- [Input for this task]:
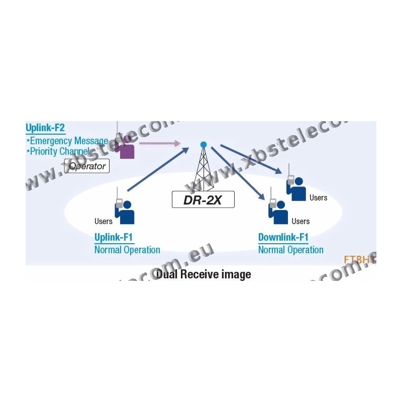 La combinaison unique de récepteur, émetteur et du contrôleur dans le DR-2X / DR-2XE permet à l'opérateur du relais d'assigner jusqu'à deux paires de fréquences par répéteur.
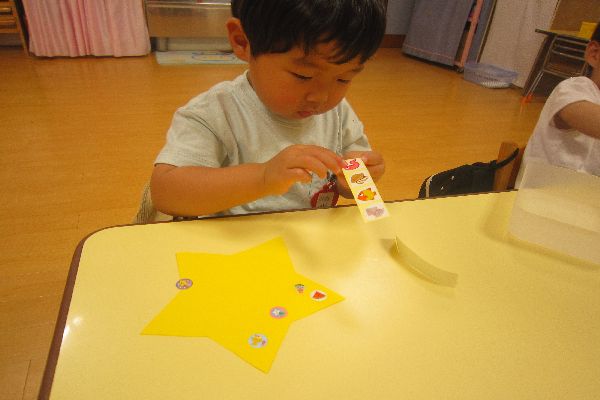 おやつを食べた後、七夕飾りを製作しました!星にペタペタシールをはってみました♪たのしかったね!
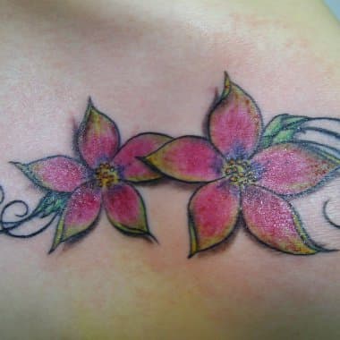 El tatuaje que Belinda nos ha mandado a través de nuestro correo de envíos cuadra dentro de este concepto respecto a los tatuajes de flores y nos muestra una creación muy femenina y delicada. Se trata de un par de flores fucsiasy amarillas ubicadas en su hombro y acompañadas de unos sencillo arabescos que componen en conjunto un tatuaje muy armonioso y estético.
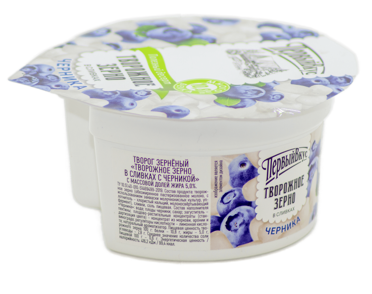 Творог зерненый Первый вкус в сливках черника, 130г
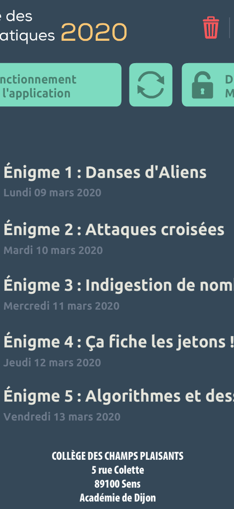 Les réponses doivent êtres transmises au(x) professeur(s) organisateur(s), mais pas à l’auteur de l’application ! La réponse à donner est sous forme d’une capture d’écran, à envoyer par mail à l’adresse indiquée dans l’organisation du concours d’énigmes. L’application ne propose pas de correction des réponses.
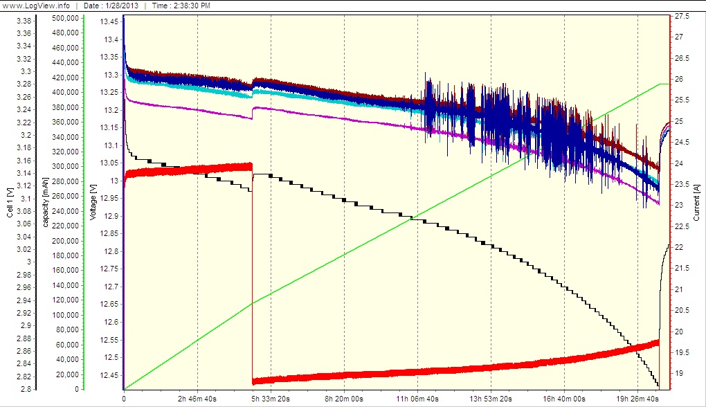 I had three 120VAC lights attached to the inverter for the first 5 hours, but turned off one 60W one after that since my 400W inverter was heating up and I was trying to shoot for 400AHA in 20H.

- [Exercise goal]: Print all of the entries word for word. Skip any images they contain.

- [Answer space]:
 La combinaison unique de récepteur, émetteur et du contrôleur dans le DR-2X / DR-2XE permet à l'opérateur du relais d'assigner jusqu'à deux paires de fréquences par répéteur.
 おやつを食べた後、七夕飾りを製作しました!星にペタペタシールをはってみました♪たのしかったね!
 El tatuaje que Belinda nos ha mandado a través de nuestro correo de envíos cuadra dentro de este concepto respecto a los tatuajes de flores y nos muestra una creación muy femenina y delicada. Se trata de un par de flores fucsiasy amarillas ubicadas en su hombro y acompañadas de unos sencillo arabescos que componen en conjunto un tatuaje muy armonioso y estético.
 Творог зерненый Первый вкус в сливках черника, 130г
 Les réponses doivent êtres transmises au(x) professeur(s) organisateur(s), mais pas à l’auteur de l’application ! La réponse à donner est sous forme d’une capture d’écran, à envoyer par mail à l’adresse indiquée dans l’organisation du concours d’énigmes. L’application ne propose pas de correction des réponses.
 I had three 120VAC lights attached to the inverter for the first 5 hours, but turned off one 60W one after that since my 400W inverter was heating up and I was trying to shoot for 400AHA in 20H.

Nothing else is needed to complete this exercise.